Patient Activity Recognition (PAR) in clinical settings uses activity data to improve safety and quality of care. Although significant progress has been made, current models mainly identify which activity is occurring. They often spatially compose sub-sparse visual cues using global and local attention mechanisms, yet only learn logically implicit patterns due to their neural-pipeline. Advancing clinical safety requires methods that can infer why a set of visual cues implies a risk, and how these can be compositionally reasoned through explicit logic beyond mere classification. To address this, we proposed Logi-PAR, the first Logic-Infused Patient Activity Recognition Framework that integrates contextual fact fusion as a multi-view primitive extractor and injects neural-guided differentiable rules. Our method automatically learns rules from visual cues, optimizing them end-to-end while enabling the implicit emergence patterns to be explicitly labelled during training. To the best of our knowledge, Logi-PAR is the first framework to recognize patient activity by applying learnable logic rules to symbolic mappings. It produces auditable why explanations as rule traces and supports counterfactual interventions (e.g., risk would decrease by 65% if assistance were present). Extensive evaluation on clinical benchmarks (VAST and OmniFall) demonstrates state-of-the-art performance, significantly outperforming Vision-Language Models and transformer baselines. The code is available via: https://github.com/zararkhan985/Logi-PAR.git}
Paper Structure (21 sections, 13 equations, 4 figures, 2 tables)

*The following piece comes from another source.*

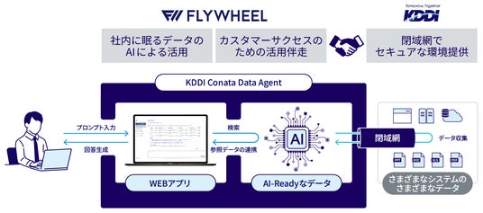 本サービスは、フライウィールの情報検索技術と生成AIを活用したデータ活用アシスタント「Conata Data Agent」に、KDDIの閉域網サービス「KDDI Wide Area Virtual Switch 2」を組み合わせることが可能です。

This paper contains 21 sections, 13 equations, 4 figures, 2 tables.

Figures (4)

  • Figure 1: Overcoming Black-Box Correlations to Logical Inference in Clinical Risk Detection. Standard attention mechanisms frequently miss decisive but sparse risk cues, mistaking high-risk exits for resting states due to background bias. Logi-PAR overcomes this by enforcing a hierarchical inference structure: it first extracts reliable Atomic Facts via fine-grained attention and then applies learnable logic rules. This explicitly models the causal structure of an Unattended Bed Exit, ensuring correct classification and generating human-verifiable explanations.
  • Figure 2: Overview of the proposed Logi-PAR framework. The framework processes multi-view images through a shared perception backbone to extract a Probabilistic Fact Graph. These facts are then fed into the Differentiable Causal-Logic Layer, where the Gated Soft-Logic Composition (Eq. 2) dynamically assembles atomic facts into complex clinical risk states, enabling both accurate classification and explanations.

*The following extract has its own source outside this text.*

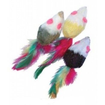 Игрушка для кошек, мех, "Мышь с пером" 5 см, 72 шт.в уп., арт.HWT02...

  • Figure 3: Differentiable Logic rules impact during training. The (Blue Line) visualizes how Logi-PAR maintains high accuracy, while the (Red Line) sparsity regularization ($\lambda_2$) forces the model to "prune" unnecessary logic gates, drastically reducing the number of active rules.
  • Figure 4: Visualization of practical deployment on VAST sample (Video ID: P04_Exit_03). int 3-Step PAR. Heatmaps compare the baseline global attention (top), which erroneously fixates on the pillow, against Logi-PAR's fact-specific attention (bottom). The backbone visualization confirms that Logi-PAR effectively distributes attention across views to resolve occlusion from multi-view, thereby providing the logic module ($\psi$) with a complete set of atomic facts for reliable PAR inference.